VERA-ARAB: unveiling the Arabic tweets credibility by constructing balanced news dataset for veracity analysis

Mohamed A Mostafa; Ahmad Almogren

doi:10.7717/peerj-cs.2432

VERA-ARAB: unveiling the Arabic tweets credibility by constructing balanced news dataset for veracity analysis

PeerJ Comput Sci. 2024 Oct 30:10:e2432. doi: 10.7717/peerj-cs.2432. eCollection 2024.

Authors

Mohamed A Mostafa¹, Ahmad Almogren²

Affiliations

¹ Department of Computer Science, College of Computer and Information Sciences, King Saud University, Riyadh, Saudi Arabia.
² Chair of Cyber Security, Department of Computer Science, College of Computer and Information Sciences, King Saud University, Riyadh, Saudi Arabia.

Abstract

The proliferation of fake news on social media platforms necessitates the development of reliable datasets for effective fake news detection and veracity analysis. In this article, we introduce a veracity dataset of Arabic tweets called "VERA-ARAB", a pioneering large-scale dataset designed to enhance fake news detection in Arabic tweets. VERA-ARAB is a balanced, multi-domain, and multi-dialectal dataset, containing both fake and true news, meticulously verified by fact-checking experts from Misbar. Comprising approximately 20,000 tweets from 13,000 distinct users and covering 884 different claims, the dataset includes detailed information such as news text, user details, and spatiotemporal data, spanning diverse domains like sports and politics. We leveraged the X API to retrieve and structure the dataset, providing a comprehensive data dictionary to describe the raw data and conducting a thorough statistical descriptive analysis. This analysis reveals insightful patterns and distributions, visualized according to data type and nature. We also evaluated the dataset using multiple machine learning classification models, exploring various social and textual features. Our findings indicate promising results, particularly with textual features, underscoring the dataset's potential for enhancing fake news detection. Furthermore, we outline future work aimed at expanding VERA-ARAB to establish it as a benchmark for Arabic tweets in fake news detection. We also discuss other potential applications that could leverage the VERA-ARAB dataset, emphasizing its value and versatility for advancing the field of fake news detection in Arabic social media. Potential applications include user veracity assessment, topic modeling, and named entity recognition, demonstrating the dataset's wide-ranging utility for broader research in information quality management on social media.

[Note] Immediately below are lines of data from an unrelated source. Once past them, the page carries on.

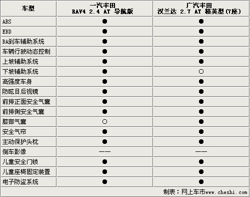 從上表我們可以看到,在電子主動(dòng)安全系統(tǒng)的配備中,ABS+EBD、動(dòng)態(tài)穩(wěn)定系統(tǒng)和6安全氣囊均成為了一汽豐田RAV4 2.4自動(dòng)導(dǎo)航版和廣汽豐田漢蘭達(dá)2.7精英型7座的標(biāo)準(zhǔn)配置。但仔細(xì)看下來它們還是略有不同。豐田RAV4再配備了上坡輔助系統(tǒng)的同時(shí),還配備下坡輔助系統(tǒng),確保車輛在斜坡上能以穩(wěn)定速度的行駛。而漢蘭達(dá)則是配備了膝部氣囊,可以有效的降低事故發(fā)生后對乘客的傷害。比較遺憾的是這兩款車型均沒有配備倒車輔助系統(tǒng)。
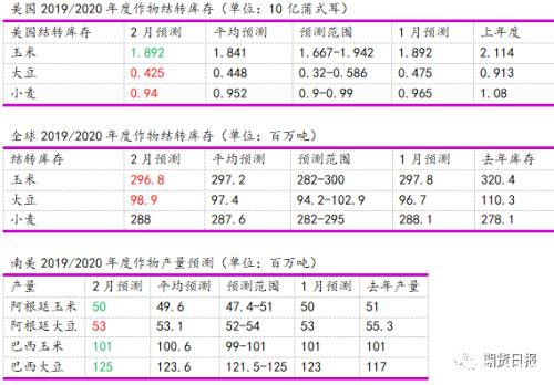 北京时间2020年2月12日凌晨,美国农业部公布2月份美国和全球谷物和油籽供需报告。要点如下:
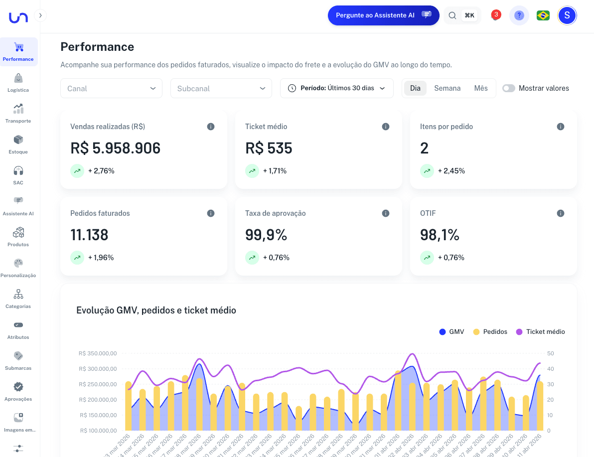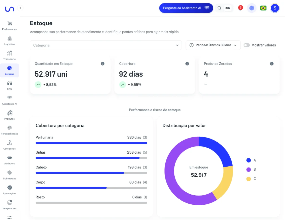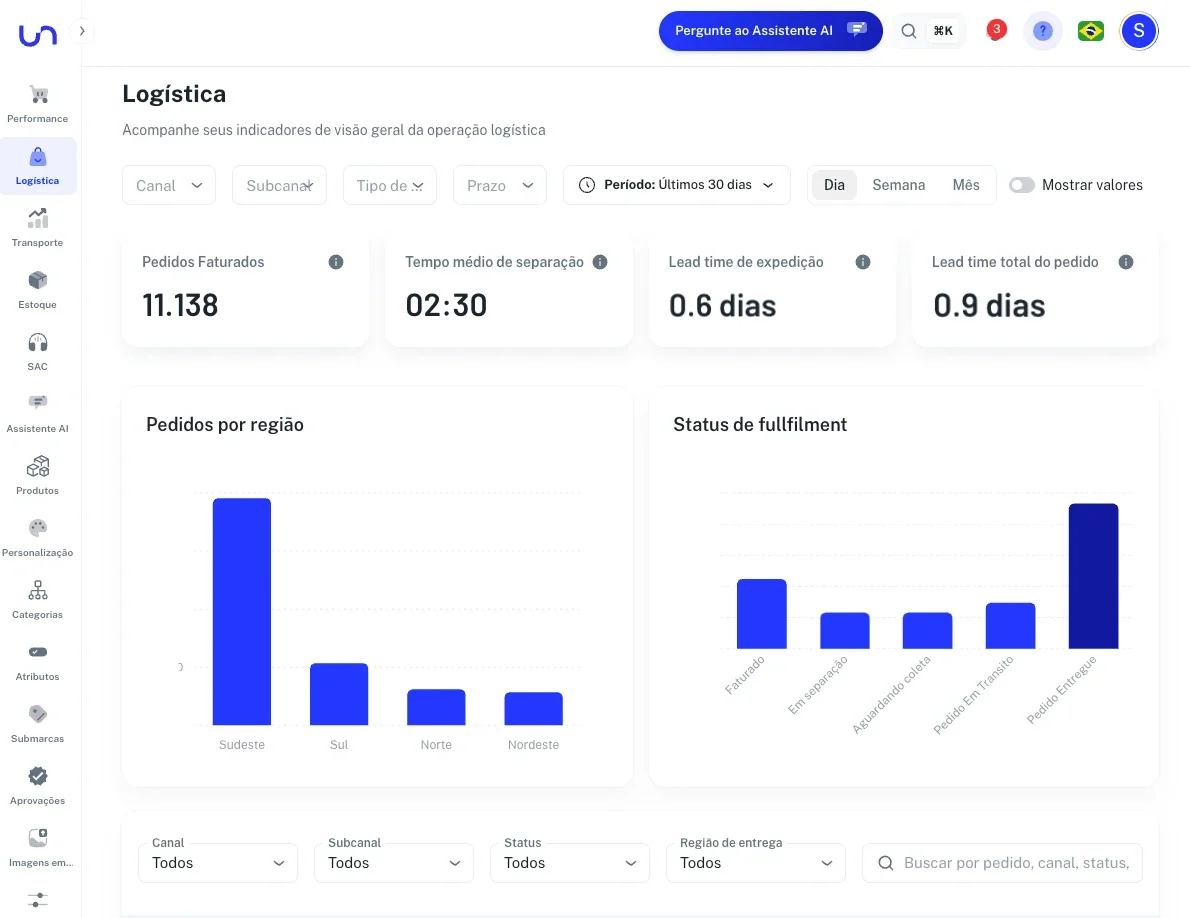 Toda a operação do e-commerce numa estrutura única e integrada. Da aprovação do pagamento à entrega e ao atendimento pós-compra, a Unlock orquestra cada etapa com tecnologia, inteligência e escala.
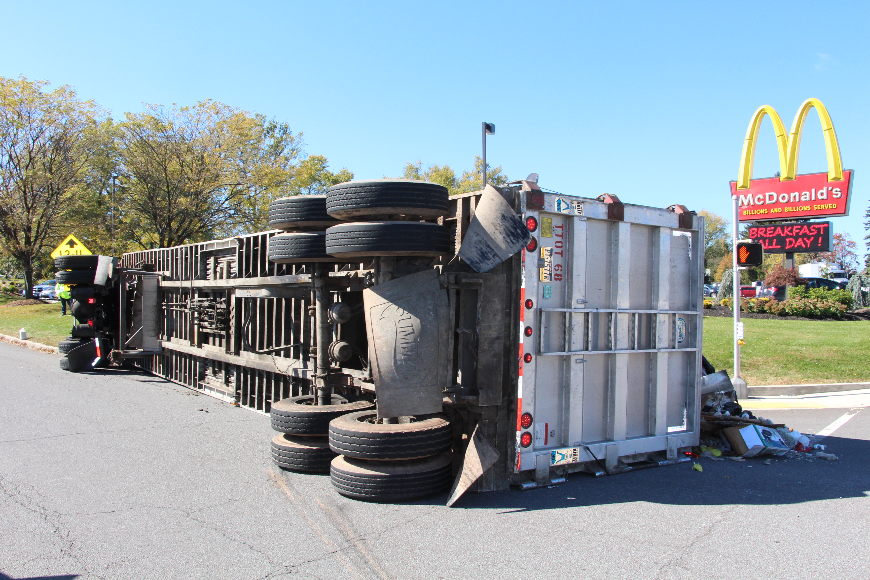 Emergency personnel were dispatched around noon today (Monday, October 19, 2015) to SR54 just west of the SR309 intersection in Hometown for a report of an overturned tractor-trailer hauling residual waste. Some of the trailer’s load was spilled on the roadway and onto the lawn of McDonald’s restaurant.

Keywords: Arabic dataset; Fake news; Named entity recognition; Social computing; Social media; Topic classification.

Publication types

News

Grants and funding

This work was supported by the Deanship of Scientific Research at King Saud University, Riyadh, Saudi Arabia through the Vice Deanship of Scientific Research Chairs: Chair of Cyber Security. The funders had no role in study design, data collection and analysis, decision to publish, or preparation of the manuscript.